These parallels call for practitioners to reconsider architectural design as a trade where the senses, more so than conceptual thinking, are deeply complicit.
Among the most fascinating presentations was Dr. Barbara Lamprecht’s session on Richard Neutra, considered one of the most influential modernist architects.
Among his unknown contributions are Neutra’s influential ideas predating many of biophilic design’s most fundamental tenets, including the restorative attributes of a view to nature with Prospect & Refuge and the importance of designing interiors that “extend themselves into the environment as a means to heal the boundaries between them.”
Equally thought-provoking was Sarah Robinson’s session, The Space of Relation: Emotion in Architectural Experience, in which she underscored Frank Lloyd Wright’s architectural cannon about embodied thinking, which understood the person and the building in the context of a broader ecology and was firmly rooted in “tangible observation, rather than abstract speculation.”
Such awareness bred a different type of modern architecture, one that restored wholeness, as well as the value of the intuitive in architectural craft.
The keynote presentation was given by Juhani Pallasmaa, architectural theorist and practitioner, who is an Honorary Member of the Society of Finnish Architects (SAFA), as well as RIBA and AIA.
He is the author of over 30 books, including the seminal The Eyes of the Skin: Architecture and the Senses, The Thinking Hand, and The Embodied Image.

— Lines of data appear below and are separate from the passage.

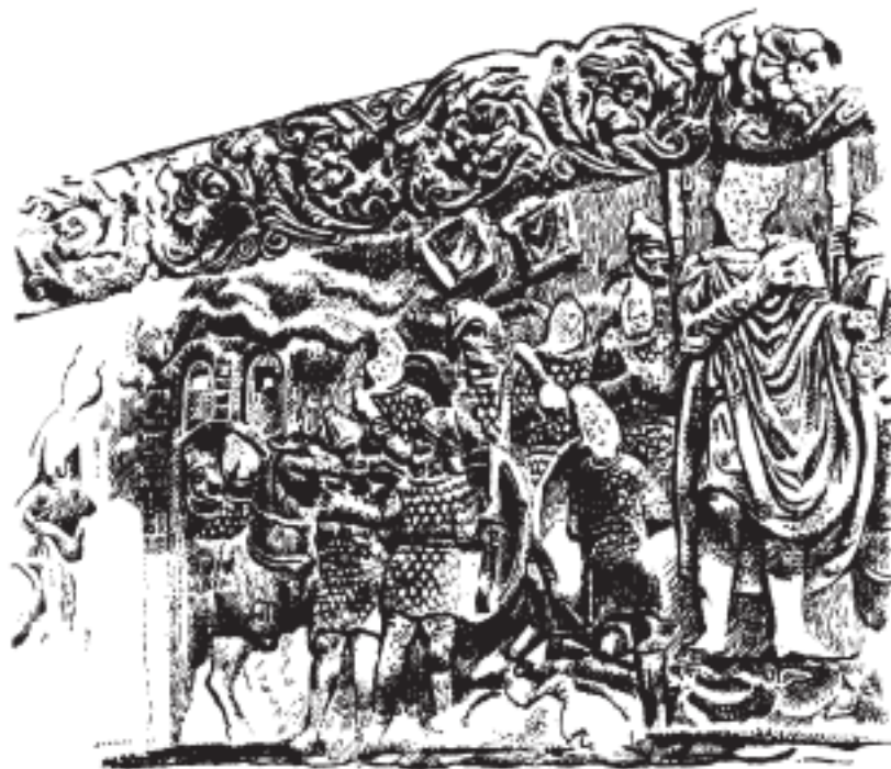
Рис. 6. Сарматы (роксоланы?) в чешуйчатых доспехах на барельефе арки Галерия в Салониках

Вооруженная кавалерия была известна ассирийцам, позднее ее переняли персы и скифы, а вслед за ними сарматы низовьев Волги. Ее распространение в Центральную Азию имело гораздо большее значение: к концу IV века до н. э. массагеты и хорезмийцы формировали специальные отряды тяжелой кавалерии и разработали тактику их использования в бою. Кавалерия сражалась в сомкнутом строю, и никто не мог ей противостоять. Освоение этой новой тактики полностью изменило способ ведения войны на востоке: легко вооруженные лучники были отчасти заменены бронированной кавалерией. Китайцы взяли эту новую тактику на вооружение, как и сарматы, в особенности роксоланы, за исключением, правда, языгов. В сарматский период формировались особые отряды тяжелой кавалерии, состоящие преимущественно из племенной знати. Облаченные в кольчуги сарматские воины, отступающие под натиском римлян, изображены на колонне Траяна. Сарматы на службе в римской армии, одетые в чешуйчатые доспехи, изображены на барельефе арки Галерия в Салониках. Благодаря сарматам подобная тактика получила распространение в Восточной и Центральной Европе, и даже римляне вынуждены были оснастить некоторые части подобным образом.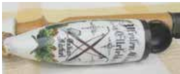
Der Pfeifenkopf

Pfeifen und umrandet mit Eichenlaub. Rückseitig lesen wir den Hersteller Wilhelm Imhoff Cassel und die Umschrift „Jede meiner Pfeifen muss diesen Stempel tragen“.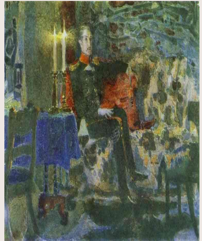
М.Врубель « Печорин на диване»

Пробегаю в памяти все мое прошедшее и спрашиваю себя невольно: зачем я жил? для какой цели я родился?.. А, верно, она существовала, и, верно, было мне назначение высокое, потому что я чувствую в душе моей силы необъятные... Но я не угадал этого назначения, я увлекся приманками страстей пустых и неблагодарных; из горнила их я вышел тверд и холоден, как железо, но утратил навеки пыл благородных стремлений — лучший свет жизни. И с той поры сколько раз уже я играл роль топора в руках судьбы! Как орудие казни, я упал на голову обреченных жертв, часто без злобы, всегда без сожаления... Моя любовь никому не принесла счастья, потому что я ничем не жертвовал для тех, кого любил: я любил для себя, для собственного удовольствия: я только удовлетворял странную потребность сердца, с жадностью поглощая их чувства, их радости и страданья — и никогда не мог насытиться.

Pallasmaa spoke about architectural space through the lens of art.
He said artistic intuition shows us more about who we are, in a more exhaustive way, than the exponential powers of science. He also reminded the audience that architecture, as a discipline, has no formal framework of its own.
It has traditionally borrowed from other fields depending on the interests of the time and place.
This piecemeal approach has led to various schools of architecture emerging over time, eventually leading to an education that emphasized abstract concepts over the practice of craft.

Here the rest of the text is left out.